The architecture of this project is designed using a modular, pipeline-based approach that efficiently manages data flow and processing tasks through Go’s concurrency model. Key to this design is the use of channels and goroutines, combined with the careful handling of the Group structure to minimize unnecessary copying of data. The entire process is defined by iterations, where the application periodically calculates the lag metrics based on the latest data. These iterations ensure that the lag information is consistently up-to-date and accurately reflects the current state of the Kafka consumer groups.
flowchart TD
A[FetchConsumerGroups]
A -->|List of Consumer Groups| B[groupNameChan]
B --> C1[GetConsumerGroupsInfo]
B --> C2[GetConsumerGroupsInfo]
B --> C3[GetConsumerGroupsInfo]
C1 -->|Partially Populated Group| D[groupStructPartialChan]
C2 -->|Partially Populated Group| D
C3 -->|Partially Populated Group| D
D --> E1[GetLatestProducedOffsets]
D --> E2[GetLatestProducedOffsets]
D --> E3[GetLatestProducedOffsets]
E1 -->|Fully Populated Group with Offsets| F[groupStructCompleteChan]
E2 -->|Fully Populated Group with Offsets| F
E3 -->|Fully Populated Group with Offsets| F
F --> G1[PersistLatestProducedOffsets]
F --> G2[PersistLatestProducedOffsets]
F --> G3[PersistLatestProducedOffsets]
G1 -->|Persisted Group with Offsets| H[groupStructCompleteAndPersistedChan]
G2 -->|Persisted Group with Offsets| H
G3 -->|Persisted Group with Offsets| H
H --> I1[GenerateMetrics]
H --> I2[GenerateMetrics]
H --> I3[GenerateMetrics]
I1 -->|Group with Metrics| J[metricsToExportChan]
I2 -->|Group with Metrics| J
I3 -->|Group with Metrics| J
J --> K1[ProcessMetrics]
J --> K2[ProcessMetrics]
J --> K3[ProcessMetrics]
K1 --> L[Prometheus Endpoint]
K2 --> L
K3 --> L
- Group: Represents a Kafka consumer group.
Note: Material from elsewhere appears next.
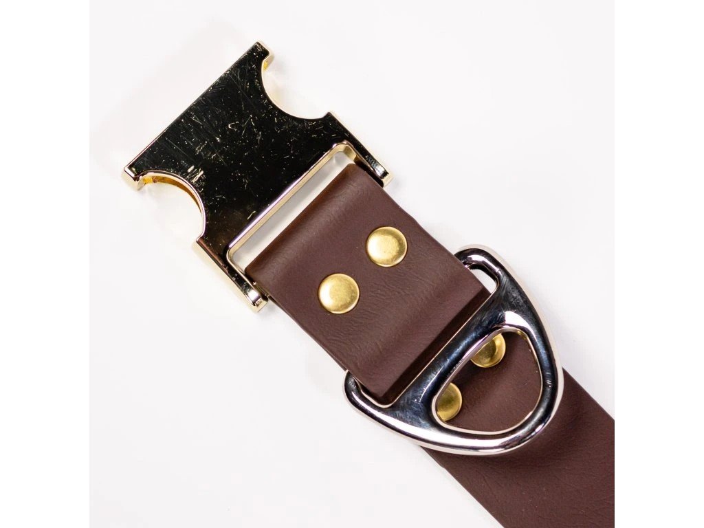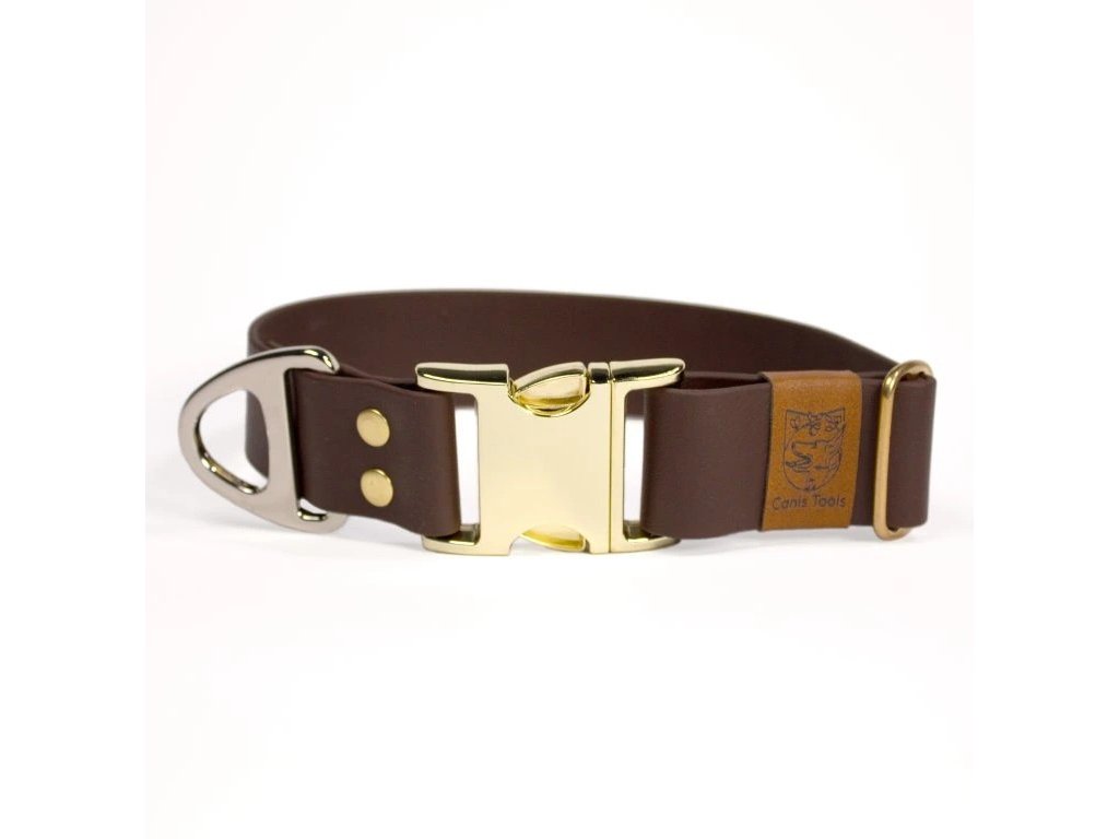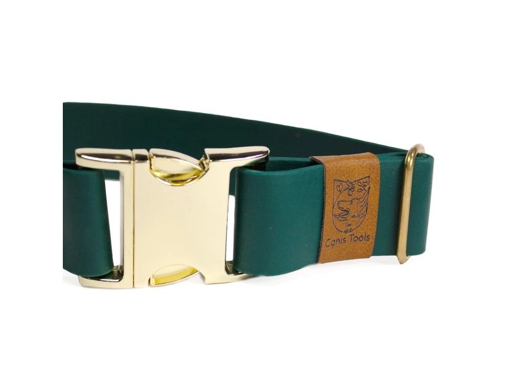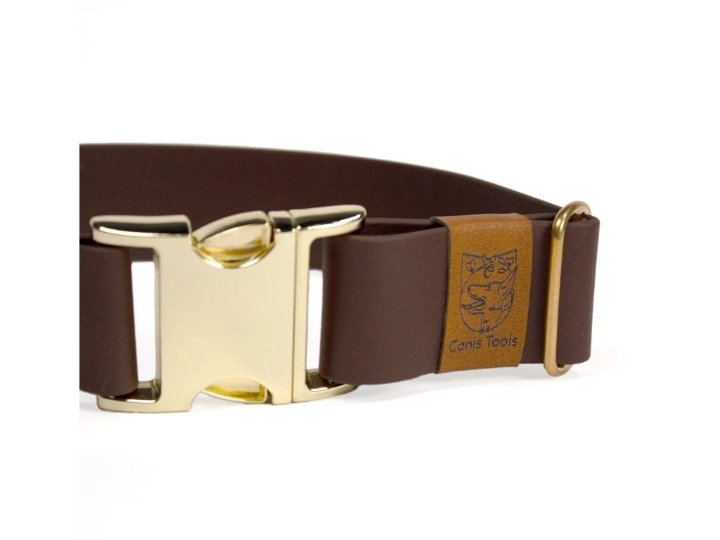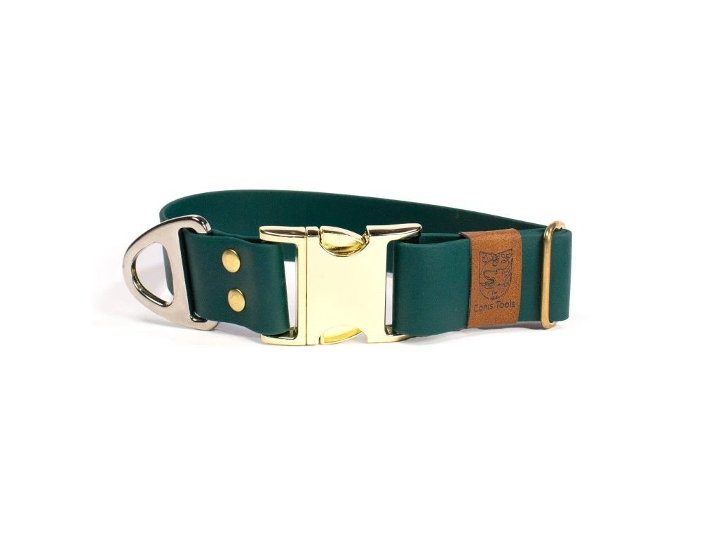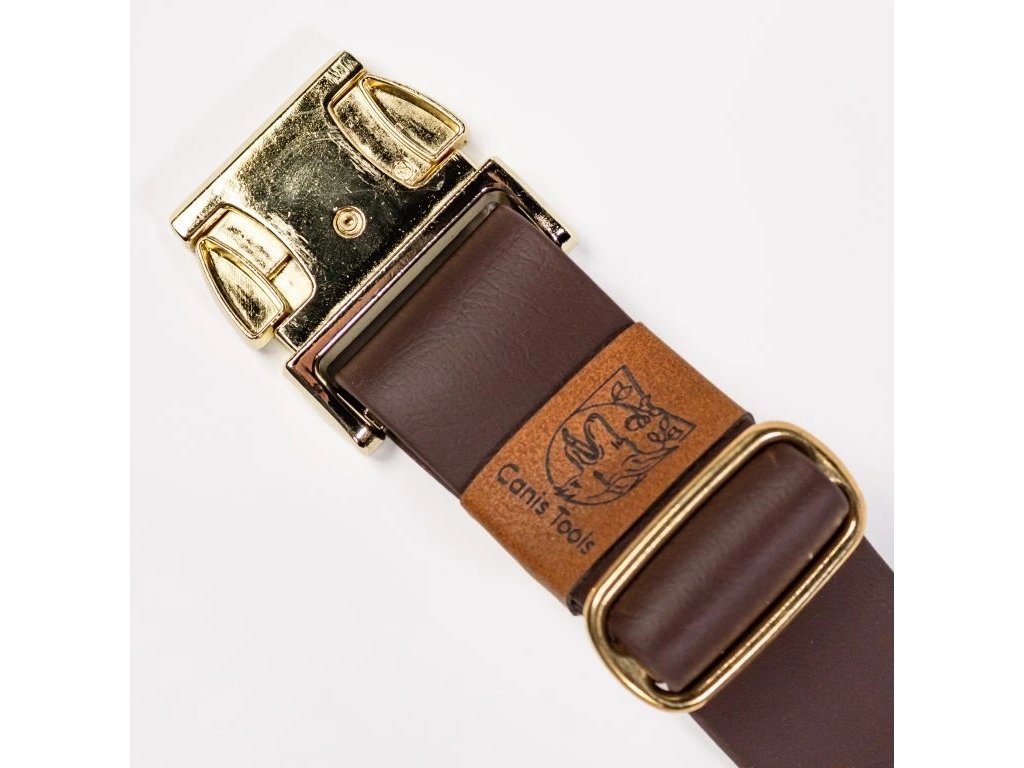 Obojek se zlatým trojzubcem a zlatými doplňky. Stříbrné trojúhelníkové oko slouží k zapnutí vodítka. Logo je zároveň pohyblivou zajišťovací sponou (po zkrácení velikosti tak nevznikne bublina z přebytečného materiálu).

It starts as an incomplete object, with only the Name field initialized. As the Group object progresses through the pipeline, its fields are populated with the necessary data.
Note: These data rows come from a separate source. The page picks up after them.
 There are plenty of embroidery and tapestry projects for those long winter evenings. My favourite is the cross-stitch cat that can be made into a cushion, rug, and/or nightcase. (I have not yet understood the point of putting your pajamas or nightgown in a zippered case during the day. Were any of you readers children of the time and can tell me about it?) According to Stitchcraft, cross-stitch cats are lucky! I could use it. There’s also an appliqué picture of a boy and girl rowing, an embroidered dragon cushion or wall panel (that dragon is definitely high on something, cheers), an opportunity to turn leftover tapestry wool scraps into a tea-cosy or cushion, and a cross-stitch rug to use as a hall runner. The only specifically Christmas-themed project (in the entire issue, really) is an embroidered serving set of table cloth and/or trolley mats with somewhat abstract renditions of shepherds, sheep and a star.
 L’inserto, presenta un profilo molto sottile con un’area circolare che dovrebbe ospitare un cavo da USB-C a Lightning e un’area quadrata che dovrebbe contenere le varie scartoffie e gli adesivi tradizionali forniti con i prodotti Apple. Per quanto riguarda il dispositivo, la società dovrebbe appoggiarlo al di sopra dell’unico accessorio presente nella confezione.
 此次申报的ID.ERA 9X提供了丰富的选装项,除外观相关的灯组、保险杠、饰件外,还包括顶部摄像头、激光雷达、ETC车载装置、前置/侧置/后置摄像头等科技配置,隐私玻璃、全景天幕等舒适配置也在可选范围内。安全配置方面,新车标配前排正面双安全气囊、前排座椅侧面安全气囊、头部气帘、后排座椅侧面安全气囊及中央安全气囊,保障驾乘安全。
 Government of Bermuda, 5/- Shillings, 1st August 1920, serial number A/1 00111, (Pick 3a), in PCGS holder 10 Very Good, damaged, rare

- Name: The name of the consumer group.
- Topics: A list of topics associated with the consumer group.
- MaxLagInOffsets: The maximum lag in offsets across all topics in the group.
- MaxLagInSeconds: The maximum lag in seconds across all topics in the group.
- SumLagInOffsets: The total lag in offsets across all topics in the group.
- SumLagInSeconds: The total lag in seconds across all topics in the group.
- Topic: Represents a Kafka topic within a consumer group.
- Name: The name of the topic.
- Partitions: A list of partitions within the topic.
- SumLagInOffsets: The total lag in offsets across all partitions in the topic.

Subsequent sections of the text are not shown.